CSCL, though, took more than two years to finalize the modalities of the project. It finally completed the tendering process in January 2020. “The role of CSCL will be largely to monitor implementation. Each cycle station will have 54 square feet for advertisements and cycle designs will be pre-approved by the CSCL,” says Sharma.

Users will be required to pay Rs 5 for half an hour as rental charges. The cycle can be returned at the nearest docking station. The onus will be on the vendor to pick up the bicycle. The company will establish a 24x7 smart control room along with an application and a website, which can be used to make payments and book a ride.

The vendor has signed a service agreement and furnished a bank guarantee to ensure that standards are met. The vendor will ensure that no docking station remains empty and not more than five percent of the bicycles can be given for repair at any point in time.

The company had earlier carried out a pilot run of the project in the Sector 17 plaza, where it established 10 docking stations with 100 bicycles. “Our target market will largely comprise the demographic set between 18 and 50 years of age. The response was more than what we expected. Interestingly, people preferred to use our mobile app and make payments through it. We will be implementing promotion schemes in the initial days to spread awareness and encourage people to take up cycling,” said a project manager of Smart Bike Mobility.

Payment options will include multiple plans. The user will be able to use channels such as PayTM, mobile wallets and QR codes, apart from cash payments. The project is being modelled on the New York City bike project.

“As of now, the COVID pandemic has delayed the project by three months. But work has already begun from June 1 and we expect to launch the first phase with 600 smart bicycles by November-end,” said Yadav.

Sharma said the company had already started backend work such as software development, importing cycle parts, and customizing GPS systems. The CSCL has given a time-frame of one and a half years for the company to complete the project.
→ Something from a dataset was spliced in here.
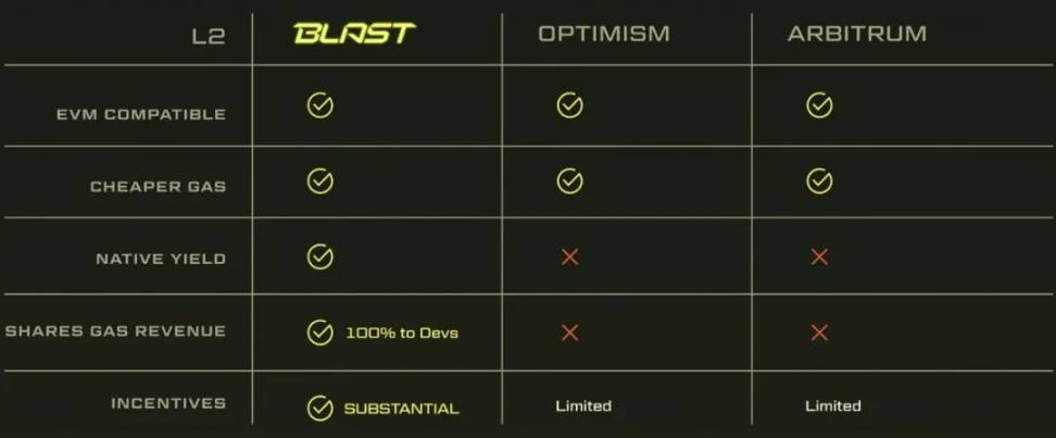 Blast 主打提供原生收益,是首个提供 ETH 和稳定币原生收益的以太坊二层网络,与一般二层解决方案中资产通常不产生收益的情况形成显著差异。Blast 的收益来自以太坊质押和 RWA 协议。这些去中心化协议的收益会自动返还给 Blast 用户,协议包括 Lido 和 MakerDAO,自动将收益回流给用户。

However, the city’s attempts at popularizing use of bicycles in the past have failed. “The administration never took it seriously. Even the expansion of cycle tracks was done at the instance of a judgment by the  Punjab and Haryana High Court in 1914,” said Navdeep Asija, traffic adviser to the Punjab government.

An overall lack of planning has marred the city’s cycling plans in the past. For instance, the Chandigarh Industrial and Tourism Corporation (CITCO) had stationed 10 bicycles at a cycle shed in Sukhna Lake in 2006. The project, however, failed to find any takers.

The project was revived again in 2016, but with the same results. The reason for failure: the city did not have any other docking station and users were required to deposit the cycles at the Sukhna one at the end of the ride!

“So far, what the administration has done is merely symbolic. There has been no sustained effort to promote cycling in the city,” said Gurjusjit Singh, president, Chandigarh Cycling Club.

In fact, Panchkula, a neighbouring city in Haryana, has stolen a march over Chandigarh in implementing the cycling project. Though Panchkula started with only 250 bicycles, according to information available from the municipal corporation of Panchkula, the project has taken off and is attracting an increasing number of users.

Hopes ride high on Chandigarh’s present cycling project. “Panchkula has done well to implement the project. I don’t find any reason for it not to be a big success in Chandigarh if implemented in the right spirit,” said Vivek Atray, former IAS officer and now a member of the Advisory Committee to the Administrator, Chandigarh.